:: Exercise goal ::
Each line of the material must be repeated precisely, with the pictures left out.

:: Provided material ::
# # #

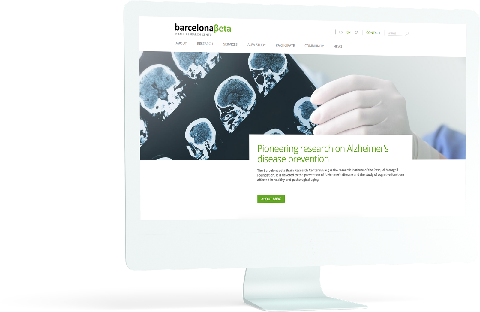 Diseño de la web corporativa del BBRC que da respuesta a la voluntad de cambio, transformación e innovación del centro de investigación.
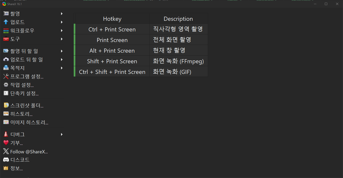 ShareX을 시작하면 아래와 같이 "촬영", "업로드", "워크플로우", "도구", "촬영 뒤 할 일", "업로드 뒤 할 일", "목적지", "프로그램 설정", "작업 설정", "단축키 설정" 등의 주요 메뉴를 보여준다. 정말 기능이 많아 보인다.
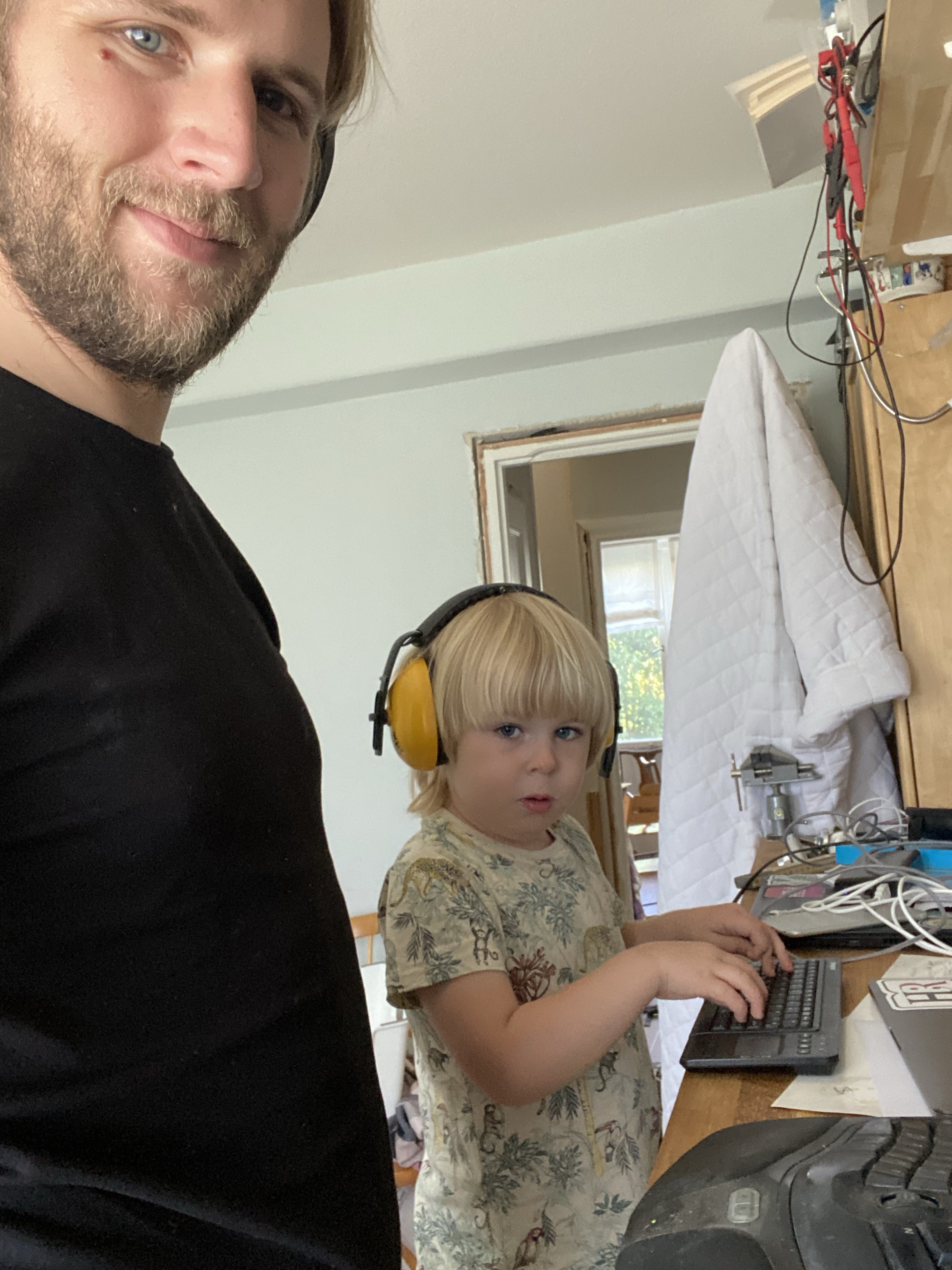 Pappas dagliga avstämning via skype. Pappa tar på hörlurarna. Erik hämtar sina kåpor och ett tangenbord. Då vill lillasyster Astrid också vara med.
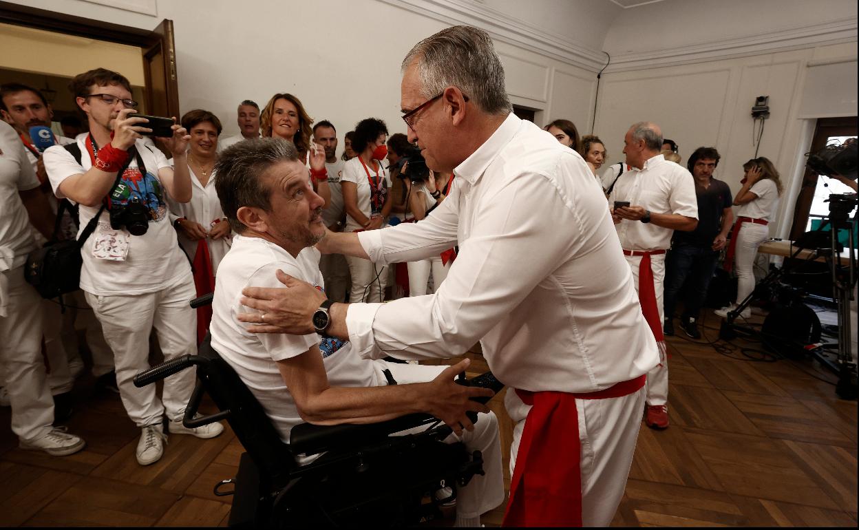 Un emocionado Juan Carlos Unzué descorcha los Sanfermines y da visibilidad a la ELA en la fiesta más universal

# # #

:: Reply to the task ::
 Diseño de la web corporativa del BBRC que da respuesta a la voluntad de cambio, transformación e innovación del centro de investigación.
 ShareX을 시작하면 아래와 같이 "촬영", "업로드", "워크플로우", "도구", "촬영 뒤 할 일", "업로드 뒤 할 일", "목적지", "프로그램 설정", "작업 설정", "단축키 설정" 등의 주요 메뉴를 보여준다. 정말 기능이 많아 보인다.
 Pappas dagliga avstämning via skype. Pappa tar på hörlurarna. Erik hämtar sina kåpor och ett tangenbord. Då vill lillasyster Astrid också vara med.
 Un emocionado Juan Carlos Unzué descorcha los Sanfermines y da visibilidad a la ELA en la fiesta más universal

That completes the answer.